Unfortunately there is no way of finding out why Amazon has discontinued selling the Nikon D7000 at this time and Nikon isn't liable to to release its verdict on an issue that potentially could cost them tens of thousands of dollars in return/recall costs and add to that the re-furbishing expenses of these defective cameras not only seems better off not admitted. Their apparent lack of interest in the common consumer spending $1300.00 FOR A KNOWN DEFECTIVE PRODUCT REALLY IS INTOLORABLE!

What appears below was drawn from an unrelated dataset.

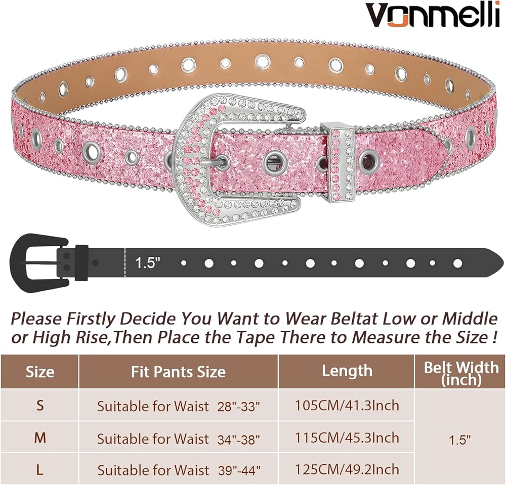 مقاس مريح - حزام حجر الراين للرجال والنساء مليء بالثقوب في كل مكان ويمكن تعديله حسب الرغبة وفقًا للاحتياجات. تتوفر ثلاثة مقاسات لاختيار أفضل مقاس. عرض الحزام هو 1.5 سم، وهو مقاس مناسب لسهولة الانزلاق داخل حلقات حزام سروالك، وليس ضخمًا جدًا.

Is there anyone out there to really vouch for Nikon quality control and set this straight? Or, as I have recently discovered, it takes several Nikon calls and returns for them to "adjust" the camera and return it back to the poor guy who believed that they were without fault, before a spokesperson admits their mistake. I am hesitant to buy the D7000 and now I've heard that they are experiencing problems with the 600: though far fewer than the D7000. As far as I am concerned Nikon should take the hit and fully confess that its either poor quality control or a major design flaw that is inherent to this particular camera. What do you think? 

UPDATE:
As of this afternoon the item is again available from Amazon direct. I looked at B&H Photo out of New York (huge camera store), and the same D7000 w/ the kit lens 24-85 (same price as Amazon, $1296.00) had 287 customer reviews with the worst review rated 3 stars! There were no back-focus problems. In fact the average review of this product from this outlet was 4.8! What does this tell you? I don't believe that B&H holds back bad reviews. Maybe Amazon gets the "questionable D7000's" from Nikon because they are such a large web-based outlet.


----------



## SCraig (Oct 8, 2012)

Believe what you want.  Personally I've not heard of anyone having a back-focus problem with a D7000, however if you get one and it does have a back-focus problem, then adjust it to suit yourself.  There are fine focus adjustments in the firmware.


----------



## 1911Driver (Oct 18, 2012)

Otto, (My name is Andrew) I experienced photo quality issues with my D7000.  I did have to fine tune my D7000, not for focus, but general soft image issues. I was comparing images to my wife's Canon 60D.  The 60D is a nice camera.  If you get the D7000, I'd recomend an 18-200 lens instead of 18-55. I'd change to ADOBE RGB for color, I'd shoot in Vivid mode and fine tune my images from there.  Images were cool. Normal light temeratue setting that Nikon uses seems to be 5000 K, I'd bump it up to 5400K. The viewer on the Nikon is not as sharp as Canon, so it is deceptive when comparing images based on that. Back focus issue are easily addressed in settings. I did not experience any. I hope this helps. I am digging my D7000 after some initial hair pulling.


----------



## Patriot (Oct 19, 2012)

I haven't had any problems with my camera. If you can fix the problem yourself then I don't see why it's so big of a problem.


----------